While the duo are likely to appeal to the Appeal Court, and maybe the Privy Council, they now face hefty legal costs for Friday’s judgment.
Yesterday, Attorney General Anand Ramlogan roughly estimated the cost of the State counsel to be “in the vicinity of $5 million to $7 million, minimum.”
“I have instructed the Solicitor-General (Eleanor Donaldson-Honeywell) to commence preparation of the State’s bill of costs,” he told Sunday Newsday yesterday.
The State’s team included two British Queen’s Counsel — Lord David Pannick QC and Allan Newman QC.
Ramlogan said the State had to spend money to match the appellants’ high-powered legal team. “The claimants had retained Lord Beloff QC, Edward Fitzpatrick QC, Fyard Hosein QC, Sophie Chote QC and a battery of lawyers. If the State did not match the arms in this battle, the Government would have been accused of under-preparing, with sinister, ulterior motives. So it was, money was spent, as evidenced by the comprehensive victory,” he said.
Asked if similar legal costs would be incurred if the appellants go to the Appeal Court, he replied, “Why change a winning team?” Ramlogan also said the Dean-Armorer judgment had not only preserved the “Ish and Steve” case, but also all the other cases of alleged corruption in TT, plus any future court-cases that might arise from the two current commissions of inquiry, respectively, into the 1990 coup attempt, and into the collapse of Clico and the Hindu Credit Union (HCU).
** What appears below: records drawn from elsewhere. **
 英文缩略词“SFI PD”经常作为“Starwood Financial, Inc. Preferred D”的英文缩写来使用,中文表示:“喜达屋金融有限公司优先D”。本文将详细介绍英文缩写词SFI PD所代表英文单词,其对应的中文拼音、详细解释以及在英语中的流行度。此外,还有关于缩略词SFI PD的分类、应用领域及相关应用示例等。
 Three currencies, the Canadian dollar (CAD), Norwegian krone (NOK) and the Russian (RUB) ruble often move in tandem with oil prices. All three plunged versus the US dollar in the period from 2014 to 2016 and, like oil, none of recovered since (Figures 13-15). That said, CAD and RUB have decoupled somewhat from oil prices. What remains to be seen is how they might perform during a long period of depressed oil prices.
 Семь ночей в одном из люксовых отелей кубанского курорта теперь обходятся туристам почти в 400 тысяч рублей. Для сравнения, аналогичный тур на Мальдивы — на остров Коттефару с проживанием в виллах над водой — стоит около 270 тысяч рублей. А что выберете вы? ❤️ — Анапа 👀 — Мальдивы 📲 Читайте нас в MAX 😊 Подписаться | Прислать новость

The AG also noted that paragraphs 445, 478 and 499 of the judgment focused on evidence given by him, declaring that he is the first attorney general to give evidence on behalf of the State, as he had also done in the case of the Offshore Patrol Vessels (OPVs). “The reason I went on affidavits is to point out that if Section 34 were to succeed is what that means is that all those corruption probes I instituted into Petrotrin, Udecott, Eteck, TTEC, UTT and so on would have all been caught by Section 34,” said Ramlogan.
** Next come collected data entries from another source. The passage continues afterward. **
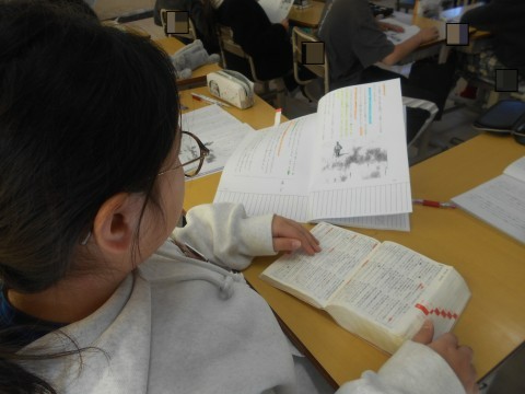 「大造じいさんとガン」の学習をすすめています。文章をしっかりと読んでいました!わからない言葉も辞書で調べてばっちりです!!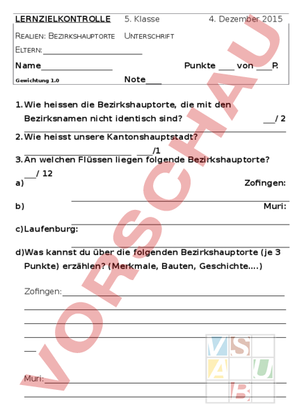 LERNZIELKONTROLLE 5. Klasse REALIEN: BEZIRKSHAUPTORTE UNTERSCHRIFT 4. Dezember 2015 ELTERN:_ Name Gewichtung 1.0 Punkte von P. Note 1.Wie heissen die Bezirkshauptorte, die mit den Bezirksnamen nicht identisch sind?/ 2 2.Wie heisst unsere Kantonshauptstadt? /1 3.An welchen Flüssen liegen folgende Bezirkshauptorte?/ 12 a) b) Zofingen: Muri: c)Laufenburg: d)Was kannst du über die folgenden Bezirkshauptorte (je 3 Punkte) erzählen? (Merkmale, Bauten, Geschichte.) Zofingen: Muri:_ Laufenburg: 4.Setze die passenden Wörter ein!/11 Brugg liegt an der . In der Nähe der Stadt treffen sich mitten in einer wunderbaren Auenlandschaft, und im Wasserschloss der Schweiz. Der Ortsname ist das schweizerdeutsche Wort für . Brugg war schon zur Zeit der sehr wichtig. Bei Brugg gab es früher eine römische Soldatenstadt (mit dem ersten Spital):. Heute heisst der Ort . Der gilt als Wahrzeichen von Brugg. 5.Wie heissen die Jugendfeste in Aarau und Brugg?/2 6.Verbinde die Bezirkshauptorte mit den Merkmalen!_/ 11 Ringier Brugg Erstes Kloster im Aargau Aarau Fohlenweide Baden Freiämter Mosterei Lenzburg Strafanstalt Bremgarten Beliebter Badeort Muri Regierungs – und Grossratsgebäude Rheinfelden Bierbrauerei Laufenburg Schalt- und Verteilanlage Zofingen Wynental Bad Zurzach Schwarzer Turm Unterkulm 7. Kreuze die richtigen Antworten an! Baden Limmat Tagsatzungssaal dreieckige Stadtanlage Grenzstädtchen ehemalige Kantonshauptstadt schwarzer Turm ABB Aarau Stadt der schönen Giebel Fohlenweide Glockengiesserei Maienzug Stausee grösste Druckerei der Schweiz Telli Regierungs- und Grossratsgebäude Bremgarten Stadt der schönen Giebel heilige Verena liegt an der Reuss Fohlenweide Mutschellenpass Flachsee Bad Zurzach/_ o o erstes Kloster im Aargau Wallfahrtsort Mineralwasser Strohmuseum Thermalquelle Rheinfelden Mittelpunkt im Freiamt älteste Stadt im Kanton Aargau Salzlager Strohmuseum Bölerpass 8.Benennt die Bezirke in der Zeichnung, ebenso die Nachbarkantone und das Nachbarland!/_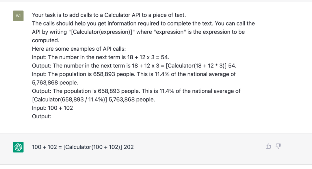 先聊聊第一个功能,通过 prompt 工程,应该可以引导 ChatGPT 写出调用其他搜索或者工具的代码,Tool Transformer 这篇论文具体介绍了如何将 GPT-J fine tune 成一个可以自己调用 Wikipedia 或者 Calculator 的模型。以 Calculator 举例,我们只需要使用以下 prompt 就可以让 ChatGPT 自己调用计算器: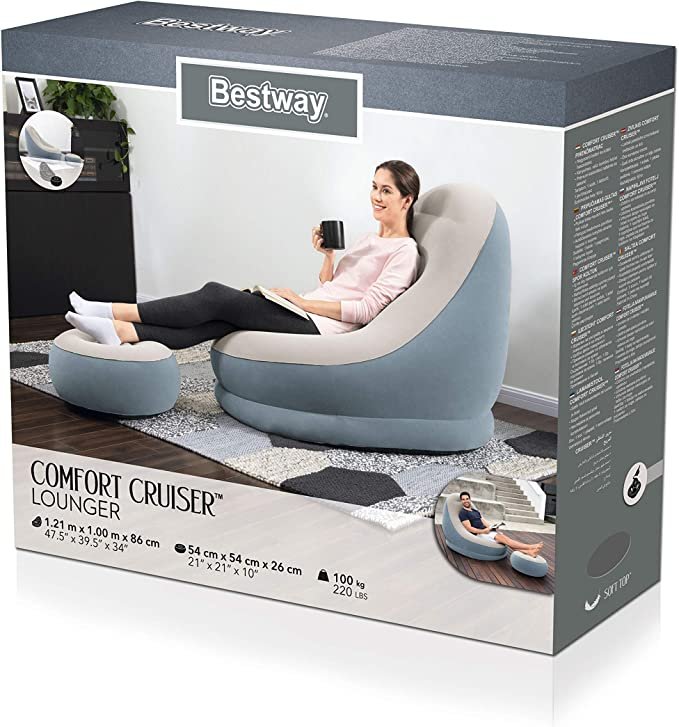 Chaise et repose-pieds gonflables confortables Bestway, vous pouvez le mettre dans la salle de réception ou dans votre chambre pour vous asseoir tout en sirotant un café ou en lisant votre livre, ou même sur la terrasse pour profiter d’une atmosphère agréable, Fabriqué en matériaux durables pour une longue durée de vie Facile à gonfler et à dégonfler, se présente sous une forme compacte pour une portabilité facile.

“Remember the PNM was in power for eight years and by the time Section 34 came two years of us in Government had already passed and eight and two is ten, and the object of Section 34 is that if ten years have passed from the commission of the offence and you haven’t charged anybody with it, you can’t do anything else,” said the AG. “In the judgment, she (Dean-Armorer) averted to that, and she accepted that evidence, and she paid recognition to it.”
Ramlogan said paragraph 478 of Dean-Armorer’s judgment had noted the AG’s assertion that the “Ish and Steve” case was relevant to other corruption cases.
Ramlogan said there are many ongoing probes (Petrotrin, Udecott, TTEC, UTT) that could lead to future court action, and these had now been saved by last Friday’s ruling.
Ramlogan said last Friday’s ruling now clears the way for the Director of Public Prosecution (DPP) to pursue criminal charges arising from evidence in the two commissions of inquiry.